Predefined measures can be found in the dictionary mlr_measures, prefixed with "sim.".

See also

Other Measure: Measure, MeasureClassif, MeasureRegr, mlr_measures, mlr_measures_aic, mlr_measures_bic, mlr_measures_classif.costs, mlr_measures_debug_classif, mlr_measures_elapsed_time, mlr_measures_internal_valid_score, mlr_measures_oob_error, mlr_measures_regr.pinball, mlr_measures_regr.rqr, mlr_measures_regr.rsq, mlr_measures_selected_features

Super class

mlr3::Measure -> MeasureSimilarity

Methods

Inherited methods


Method new()

Creates a new instance of this R6 class.

Usage

MeasureSimilarity$new(
  id,
  param_set = ps(),
  range,
  minimize = NA,
  aggregator = NULL,
  properties = character(),
  predict_type = NA_character_,
  task_properties = character(),
  packages = character(),
  label = NA_character_,
  man = NA_character_
)

Arguments

id

(character(1))
Identifier for the new instance.

param_set

(paradox::ParamSet)
Set of hyperparameters.

range

(numeric(2))
Feasible range for this measure as c(lower_bound, upper_bound). Both bounds may be infinite.

minimize

(logical(1))
Set to TRUE if good predictions correspond to small values, and to FALSE if good predictions correspond to large values. If set to NA (default), tuning this measure is not possible.

aggregator

(function() | NULL)
Function to aggregate over multiple iterations. The role of this function depends on the value of field "average":

  • "macro": A numeric vector of scores (one per iteration) is passed. The aggregate function defaults to mean() in this case.
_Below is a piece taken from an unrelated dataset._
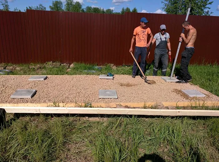 • При желании площадку для установки бани можно залить бетоном или организовать столбчатый фундамент.

  • "micro": The aggregator function is not used. Instead, predictions from multiple iterations are first combined and then scored in one go.

  • "custom": A ResampleResult is passed to the aggregate function.

properties

(character())
Properties of the measure. Must be a subset of mlr_reflections$measure_properties. Supported by mlr3:

  • "requires_task" (requires the complete Task),

  • "requires_learner" (requires the trained Learner),

  • "requires_model" (requires the trained Learner, including the fitted model),

  • "requires_train_set" (requires the training indices from the Resampling),

  • "na_score" (the measure is expected to occasionally return NA or NaN),

  • "weights" (support weighted scoring using sample weights from task, column role weights_measure), and

  • "primary_iters" (the measure explicitly handles resamplings that only use a subset of their iterations for the point estimate)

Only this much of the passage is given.